__Work to complete__. Leave every picture out, and print the full listing again exactly.

------ Data block ------

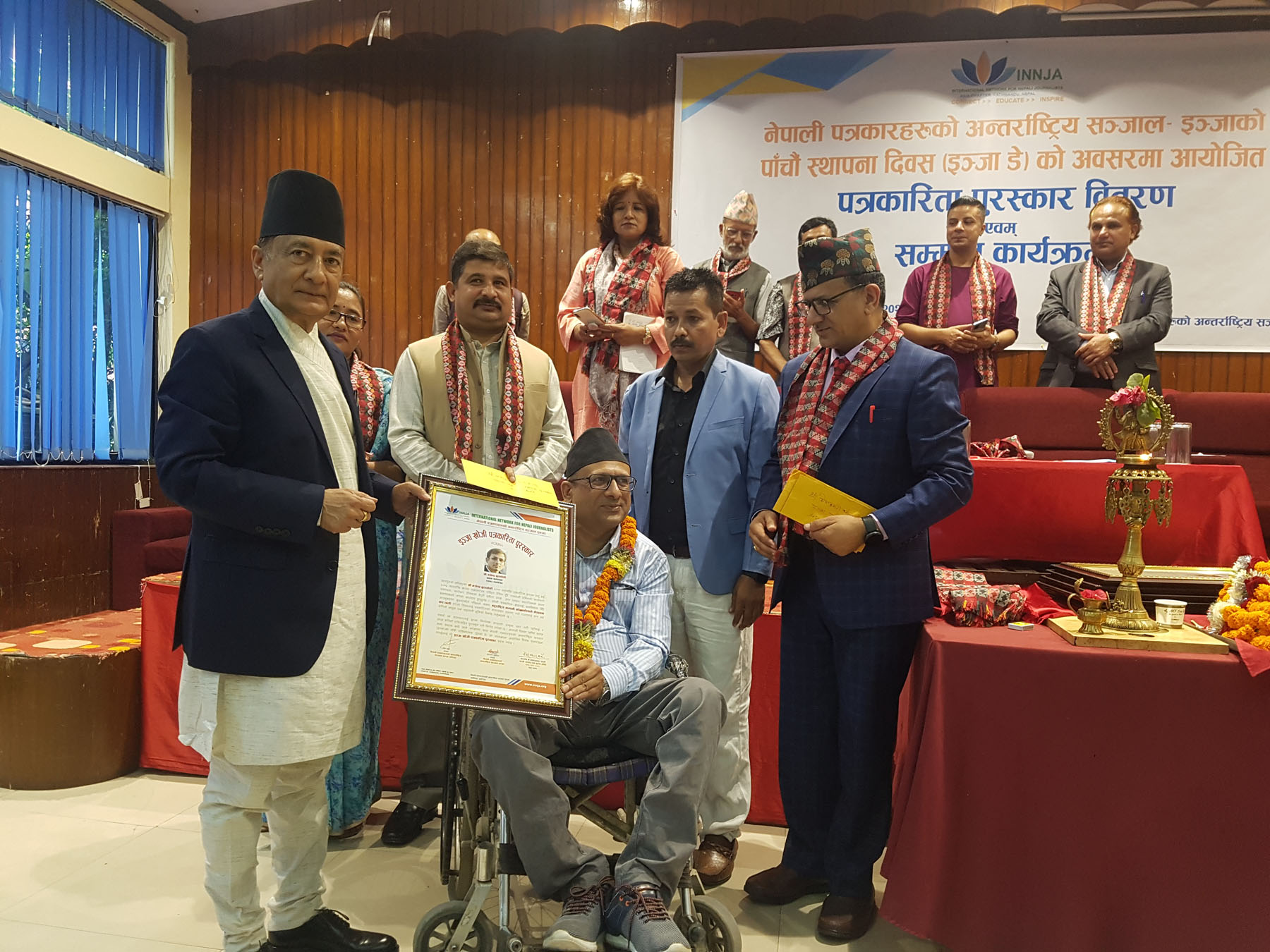 At a program organized in Kathmandu Saturday on the fifth anniversary of INJA, Minister for Communications and Information Technology, Gyanendra Bahadur Karki, honoured Budhathoki with Rs 100,000 and letter of felicitation.
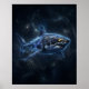 A powerful galactic shark moves through a deep cosmic abyss, its sleek form defined by dark space textures and glowing nebula streaks. Subtle light traces its edges, enhancing its speed and intensity as it cuts through the darkness. Surrounded by distant glowing forms and layered depth, the scene feels immersive and mysterious. This striking artwork captures strength, motion, and dominance, making it perfect for bold interiors, modern decor, and collectors of high-impact, ocean-inspired cosmic art.
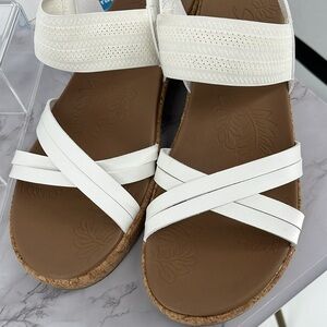 SKECHERS Cali Brystol Vegan Slingback Heeled Sandals White 11 Comfy Casual
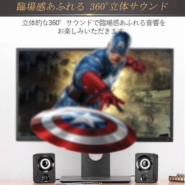 PCスピーカー 高音質 USB 有線 小型 ステレオト サウンド コンパクト 大音量 重低音 スマホ パソコン テレビ 音楽 オシャ

------

__Exercise response__.
 At a program organized in Kathmandu Saturday on the fifth anniversary of INJA, Minister for Communications and Information Technology, Gyanendra Bahadur Karki, honoured Budhathoki with Rs 100,000 and letter of felicitation.
 A powerful galactic shark moves through a deep cosmic abyss, its sleek form defined by dark space textures and glowing nebula streaks. Subtle light traces its edges, enhancing its speed and intensity as it cuts through the darkness. Surrounded by distant glowing forms and layered depth, the scene feels immersive and mysterious. This striking artwork captures strength, motion, and dominance, making it perfect for bold interiors, modern decor, and collectors of high-impact, ocean-inspired cosmic art.
 SKECHERS Cali Brystol Vegan Slingback Heeled Sandals White 11 Comfy Casual
 PCスピーカー 高音質 USB 有線 小型 ステレオト サウンド コンパクト 大音量 重低音 スマホ パソコン テレビ 音楽 オシャ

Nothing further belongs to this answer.